**To do:** Images should not appear in the copy, yet every line of the listing below must be printed exactly.

**Source material:**

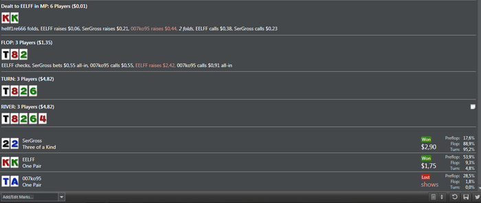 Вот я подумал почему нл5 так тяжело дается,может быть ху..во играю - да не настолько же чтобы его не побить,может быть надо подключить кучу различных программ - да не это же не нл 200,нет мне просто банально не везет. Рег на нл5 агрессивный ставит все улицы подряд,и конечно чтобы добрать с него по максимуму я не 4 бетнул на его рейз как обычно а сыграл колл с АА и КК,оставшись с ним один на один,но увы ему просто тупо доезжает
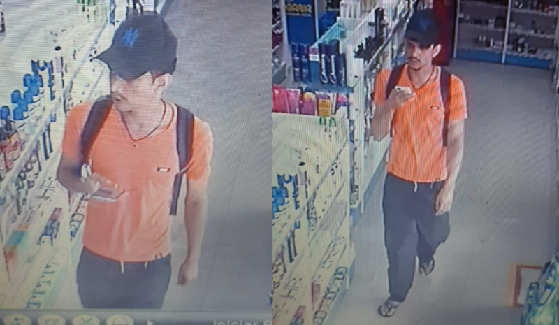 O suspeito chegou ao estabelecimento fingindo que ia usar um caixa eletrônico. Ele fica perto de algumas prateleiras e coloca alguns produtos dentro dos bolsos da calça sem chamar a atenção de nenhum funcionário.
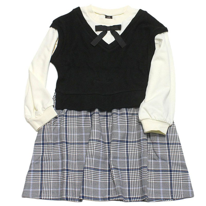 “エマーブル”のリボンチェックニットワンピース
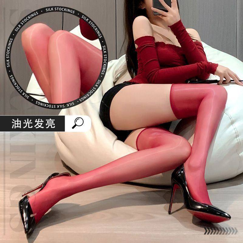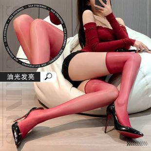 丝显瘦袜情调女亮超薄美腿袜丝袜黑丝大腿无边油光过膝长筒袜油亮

**Finished task:**
 Вот я подумал почему нл5 так тяжело дается,может быть ху..во играю - да не настолько же чтобы его не побить,может быть надо подключить кучу различных программ - да не это же не нл 200,нет мне просто банально не везет. Рег на нл5 агрессивный ставит все улицы подряд,и конечно чтобы добрать с него по максимуму я не 4 бетнул на его рейз как обычно а сыграл колл с АА и КК,оставшись с ним один на один,но увы ему просто тупо доезжает
 O suspeito chegou ao estabelecimento fingindo que ia usar um caixa eletrônico. Ele fica perto de algumas prateleiras e coloca alguns produtos dentro dos bolsos da calça sem chamar a atenção de nenhum funcionário.
 “エマーブル”のリボンチェックニットワンピース
 丝显瘦袜情调女亮超薄美腿袜丝袜黑丝大腿无边油光过膝长筒袜油亮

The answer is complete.